General Electric Co GE
Q2 2013 Earnings Call Transcript

Transcript Call Date 07/19/2013

Operator: Good day, ladies and gentlemen, and welcome to the General Electric Second Quarter 2013 Earnings Conference Call. At this time, all participants are in a listen-only mode. My name is Shaquana, and I will be your conference coordinator today. As a reminder, this conference is being recorded.

I would now like to turn the program over to your host for today's conference, Trevor Schauenberg, Vice President of Investor Communications. Please proceed.

Trevor A. Schauenberg - VP, Corporate Investor Communications: Thank you, Shaquana. Good morning, and welcome, everyone. We're pleased to host today's second quarter webcast. Regarding the materials for this webcast, we issued the press release earlier this morning, and the presentation slides are available via the webcast. The slides are available for download and printing on our website at

As always, elements of this presentation are forward-looking and are based on our best view of the world and our businesses, as we see them today. Those elements can change as the world changes. Please interpret them in that light. For today's webcast, we have a large group here. We have our Chairman and CEO, Jeff Immelt; our Vice Chairman and new CEO of GE Capital, Keith Sherin; and our new CFO for GE, Jeff Bornstein.

Now let's turn over to our Chairman and CEO, Jeff Immelt.

Jeffrey R. Immelt - Chairman and CEO: Thanks Trevor, and good morning, everybody. On the first page, our environment improved slightly in the second quarter. Emerging markets remained resilient while Europe stabilized. Orders in the U.S. were in the strongest we've seen in some time with 20% growth and overall our orders grew by 4% and backlog increased to $223 billion. Our earnings were solid. Reported EPS was $0.36, but this includes $0.02 of uncovered restructuring. On a sustained basis it would have been $0.38, up slightly from 2012 and year-to-date EPS is $0.75, up 6%.

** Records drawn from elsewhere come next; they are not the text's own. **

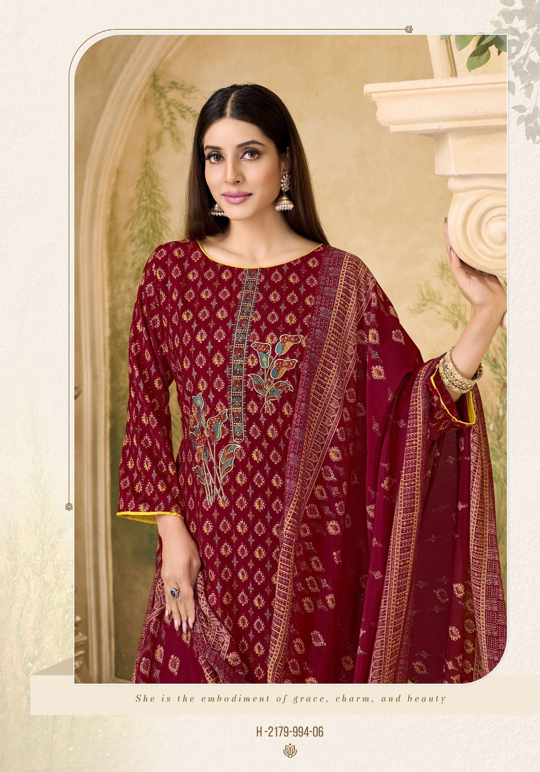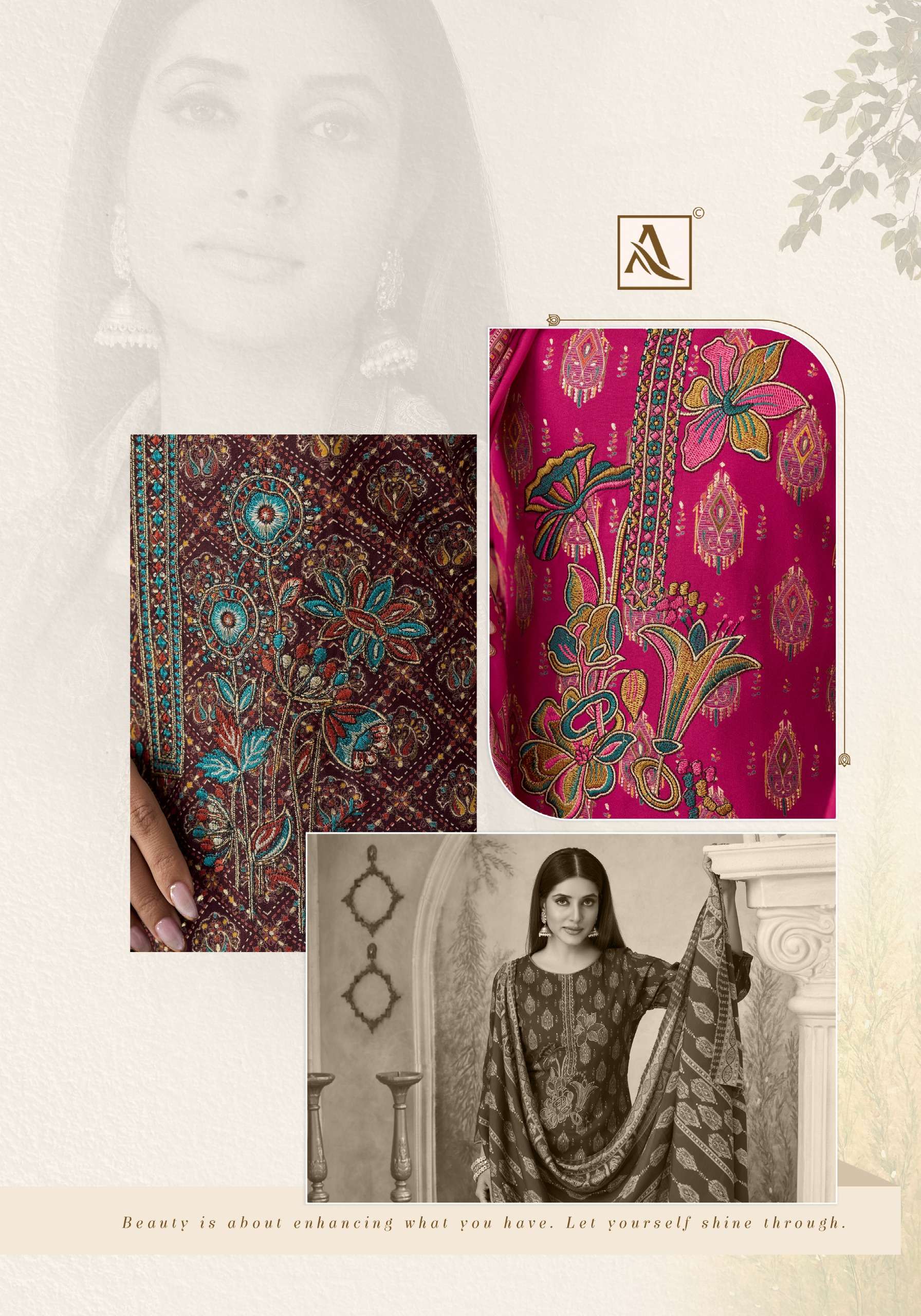 | Other Details: | Catalog Alok Suit Zarina Vol- 15 – Pakistani Dress Material Bottom: Pure Reyon Dyed | Cut:- 2 Mtr Dupatta: Pure Designer Self Weave Jacquard Dupatta With Four Side Printed Lace | Cut:- 2 Mtr |
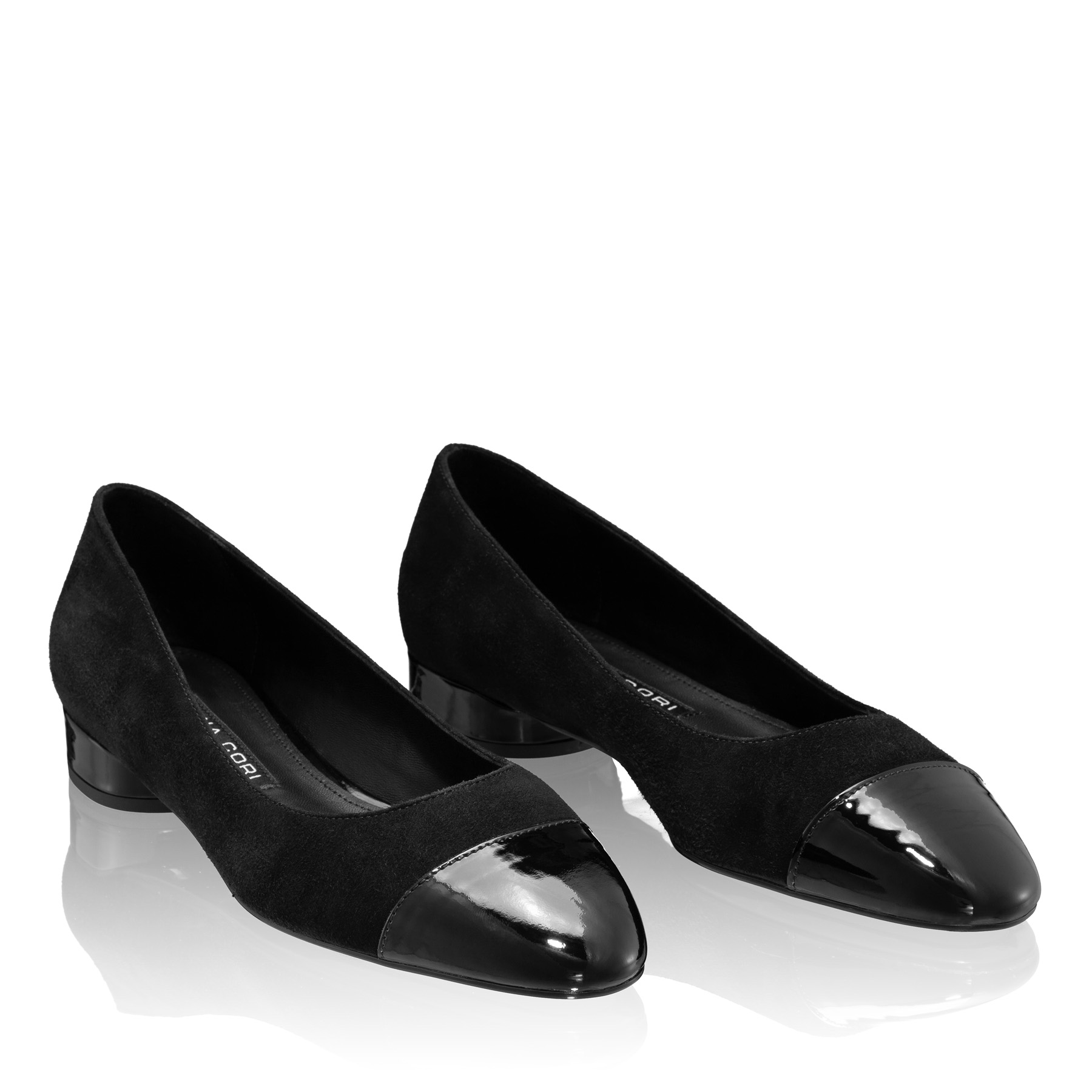 Елегантни дамски обувки от велурена кожа с лакиран връх - с класически дизайн и дискретен ток от 20 мм, този модел обувки представлява перфектния баланс между комфорт, женственост и изтънченост, подходящ за пролетно-летни облекла.
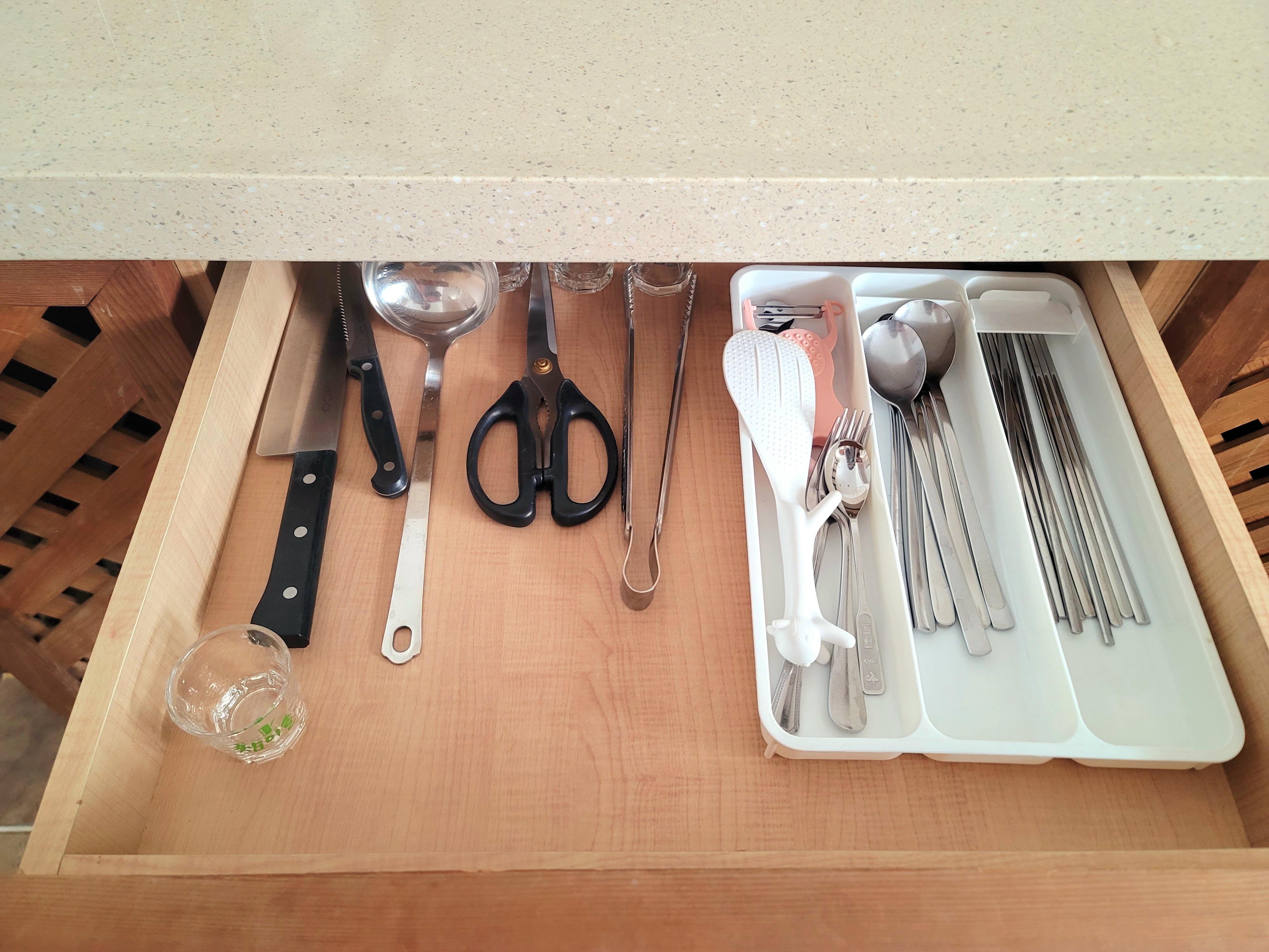 서랍을 열면 있는 조리도구들 및 수저젓가락 등입니다. 감자칼도 있네요. 그리고 사진에 담지는 못 했지만 수세미와 행주도 준비가 되어 있었어요. 비닐째 새 것이었고요. 이용객들이 올 때마다 새로 갈아주시는 듯 합니다.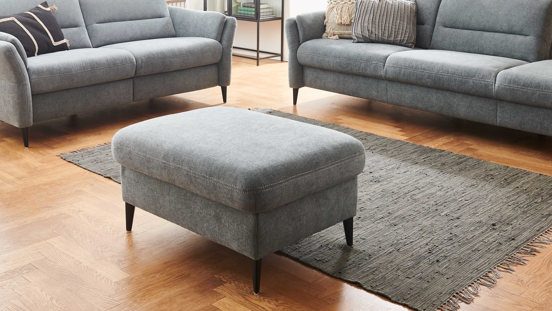 stahlfarbener Stoffbezug Milan & schwarze Metallfüße - Länge ca. 213 cm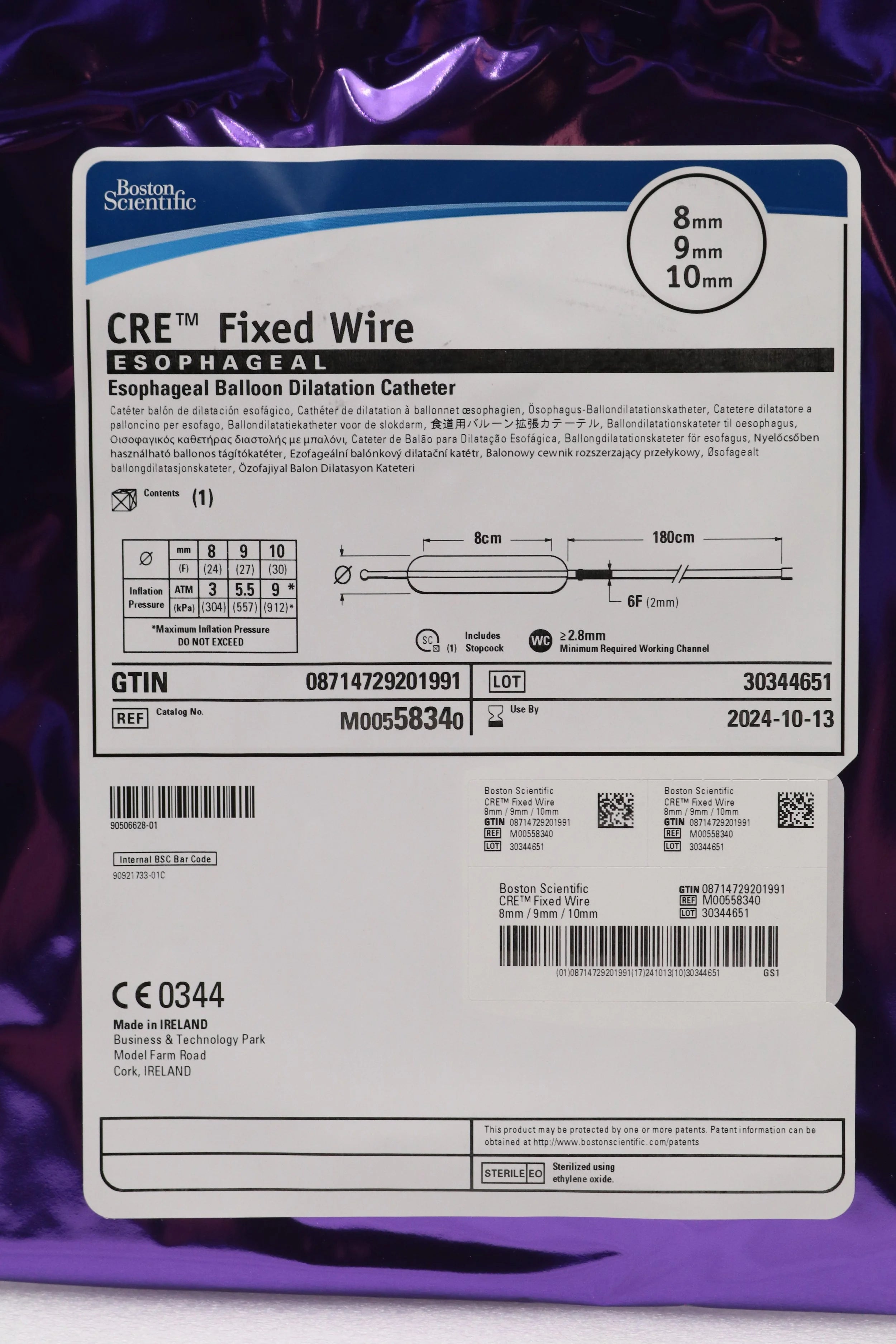 Boston Scientific | 5834 | CRE FIXED WIRE ESOPHAGEAL BALLOON DILATATION CATHETER, 8CM X 180CM (8MM, 9MM, 10MM) (M00558340)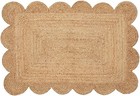 Weaving Cottage Scalloped Natural Jute Area Rug | Beige, 2X3 FT Handwoven Jut...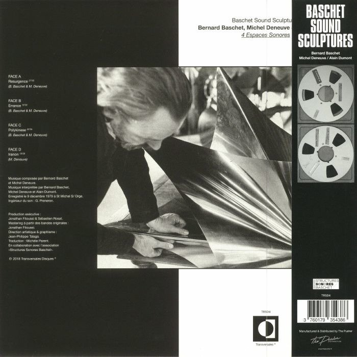 Rare 1979 recording of Bernard Baschet performing his musical invention on Espaces Sonores, now newly remastered. Baschet collaborated with his brother Francois on creating sound sculptures and inventing musical instruments, such as the Cristal Baschet. Bernard was an engineer, Francois was a sculptor. The brothers invented the inflatable guitar, the aluminum piano and many other experimental musical instruments. in 1977, Bernard met Michel Deneuve, a musician who joined them and started a new association - assisting in the creation of instruments. Deneuve was especially dedicated to working on it and has devoted himself to playing since 1975. He studied and developed a technique of playing that opens other horizons to this unique instrument. Alain Dumont worked with both Bashcet and Dumont on the LP.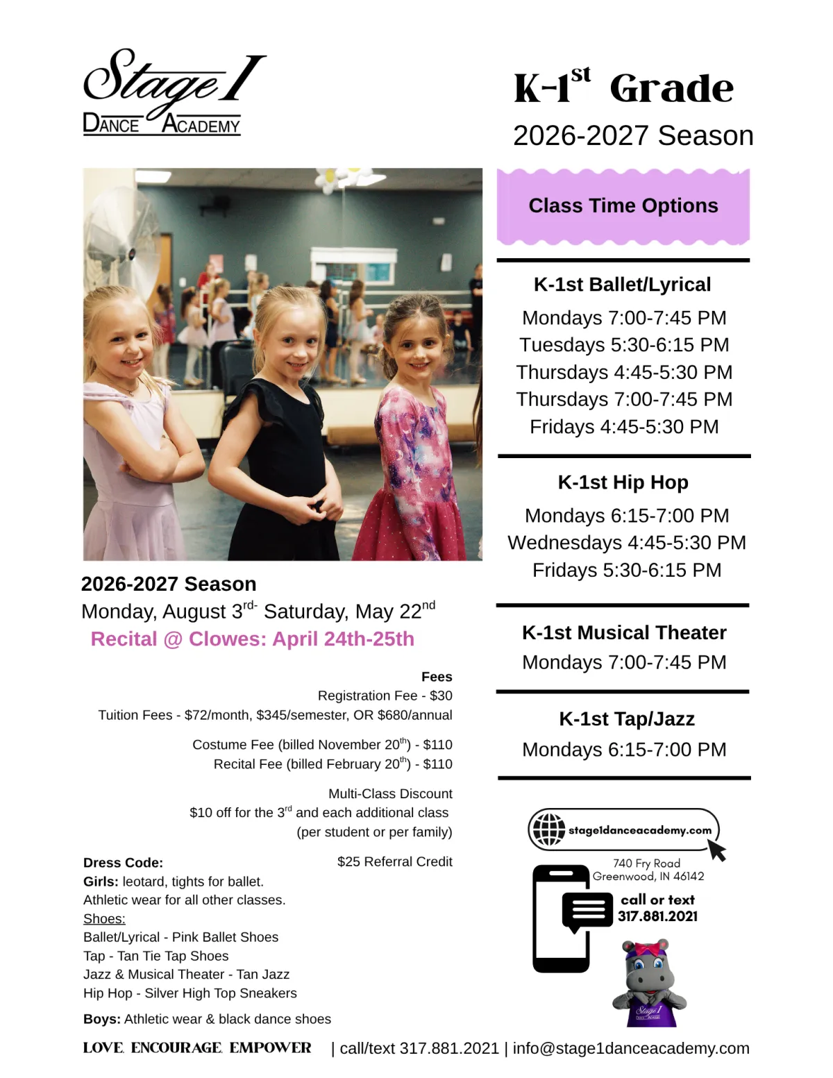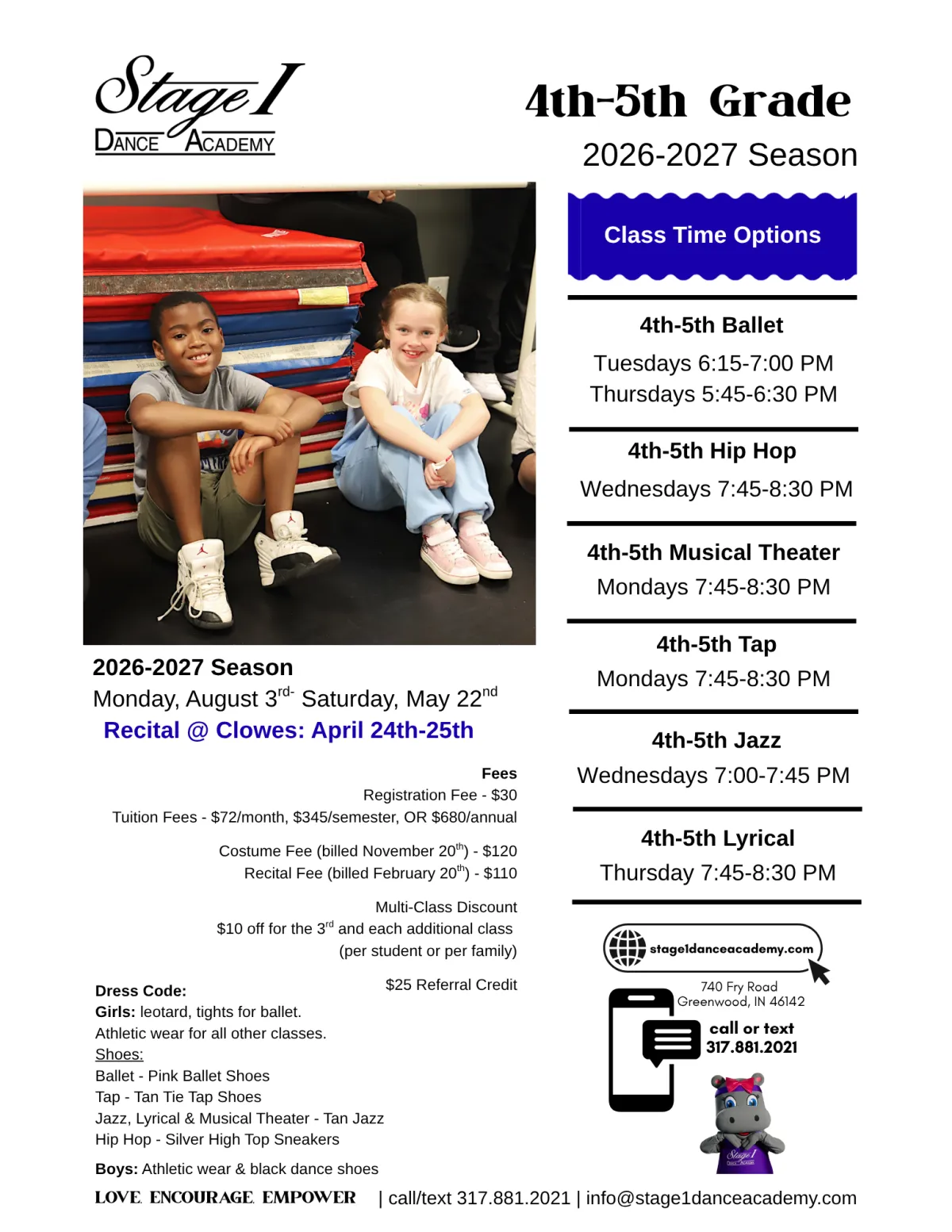Hip Hop dance explores movement from many different social and cultural backgrounds. Our hip hop classes focus on basic steps and rhythms while encouraging dancers to find their unique movement style.

Operations were strong in the quarter. Margins grew by 50 basis points and we are on track for 70 basis points for 2013. Our simplification efforts have resulted in $470 million of costs out year-to-date and we had a solid performance in cash. Our disciplined and balanced capital allocation plan continues. Through the half we have returned about $10 billion to investors while on the way to our $18 billion goal. As for M&A, we've completed Lufkin and Avio and Avio remains on track for a third quarter close. So all-in-all, a good quarter for operating and strategic execution.

Our orders growth remains solid at plus 4% and as I said earlier, backlog grew to $223 billion. Performance was broad based. We had services grow in five of our six businesses. Orders growth accelerated in China, the U.S. and Europe. Aviation and Oil & Gas remained very strong, with their combined backlog growing by $7 billion.

Let me give you a few other highlights. Oil & Gas orders grew by 24% or double digit growth in four of five segments. Aviation commercial spare orders grew by 19%. Healthcare Solutions equipment orders grew by 9% in the U.S. Energy Management orders grew by 19%. North American Power Generation service orders grew by 24%. We still have a few headwinds like heavy duty gas turbines, but there are signs of strength. We continue to add price to backlog with orders pricing at 29% and we have now had positive orders price for the past six quarters. This will contribute to a positive value gap in the second half of 2013 and beyond.